Personal safety, both physical and digital, is a top priority for ISO’s consumer policy group, COPOLCO. This committee, dedicated to harnessing standards for consumer protection, exists to ensure that consumers have a voice in international standardization. It runs consumer-focused training events and raises awareness of standards that will make a real difference to the way we live and the products we consume. It also proposes new projects and policy from the consumer perspective.
Two recently published standards, and a third just approved for development, are examples of how ISO’s work reflects consumers’ interests and priorities. The first two will help make cities safer through full consideration of the environmental and design aspects as they relate to modern, smart cities, as well as protect our online privacy as we roam between networks and devices. The third will help consumers make informed choices about purchasing goods and services on the Internet.

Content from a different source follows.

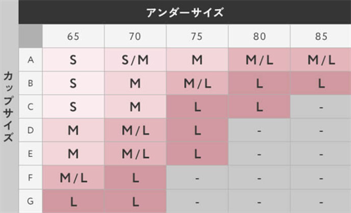 トップバストとアンダーバストを正しく測定した後、以下のサイズ表に従って選んでください。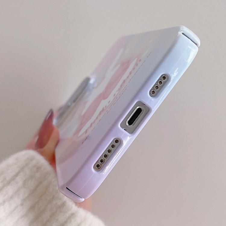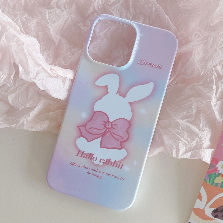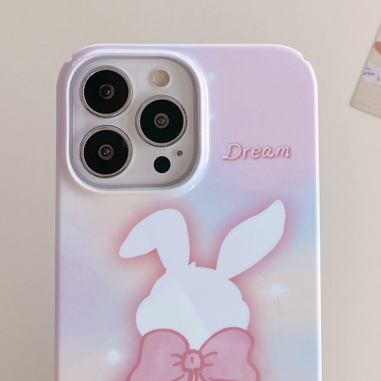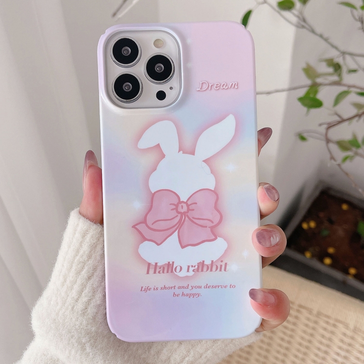 Funda para iPhone 13 Pro Max Painted Pattern PC Phone Case con diseño Pink Bowknot Bunny

Building safer communities
Crime prevention through environmental design (CPTED) is an urban planning approach to designing living spaces in a way that deters violations and reduces fear amongst inhabitants. It aims to reduce crime and improve quality of living in communities. Such concepts have been around since the 1970s and used in numerous crime prevention strategies across the world, with much success.
ISO has just published an internationally agreed set of guidelines that brings together best practices. ISO 22341, Security and resilience – Protective security – Guidelines for crime prevention through environmental design, addresses the principles, elements, strategies and process for reducing crime – including certain types of terrorist attacks – and fear of crime in new or existing urban built environments.

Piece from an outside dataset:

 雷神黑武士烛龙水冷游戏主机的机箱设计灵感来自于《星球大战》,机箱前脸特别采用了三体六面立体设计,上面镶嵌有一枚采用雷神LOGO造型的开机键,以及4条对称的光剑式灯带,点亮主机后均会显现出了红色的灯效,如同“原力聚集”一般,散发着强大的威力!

Protecting our privacy in smart cities
Cloud computing, the Internet of Things, mobile networks and artificial intelligence are just some of the tools cities use to increase efficiency and improve the quality of life of their citizens, yet they also expose us to risks and vulnerabilities related to personal privacy and security. Solutions and standards abound, but they are not always easy to navigate when the systems and interconnections are as complex as the stakeholders are many.
A new technical specification has just been published which aims to help. ISO/IEC TS 27570, Privacy protection – Privacy guidelines for smart cities, provides recommendations and guidance on the management of privacy and on the use of supporting standards. These recommendations apply to organizations and stakeholders concerned with the delivery, use or availability of a service in a smart city ecosystem, where many technologies, systems and stakeholders interact in many and complex ways.
Informing our purchasing decisions
ISO members have just approved the development of guidelines for organizations to increase consumer understanding of online terms and conditions. This project aims to address the information gap that consumers often experience when purchasing goods and services online. Intimidated by long pages of fine print and obscure language, consumers will often click straight through to purchasing their chosen item. However, if the terms and conditions are not properly understood, the purchase may fail to meet the expectations for price, delivery time, complaints handling or even safety.
The newly established project committee (ISO/PC 335) will develop guidance for providers of goods, services and digital content on the clear design and presentation of online terms and conditions. It’s a major step towards maximizing consumer understanding and improving experiences. This in turn will lead to fewer complaints, particularly critical in an online environment where the buyer has the disadvantage of distance from the seller, access to the product and conflicting legal jurisdictions for cross-border purchases.
The ISO committee for consumers just held its plenary meeting online on 5-6 May, where it considered other potential work on standards for consumer protection. A recent proposal on “Guidance for marketing and advertising to children” has just been released for vote to the ISO membership.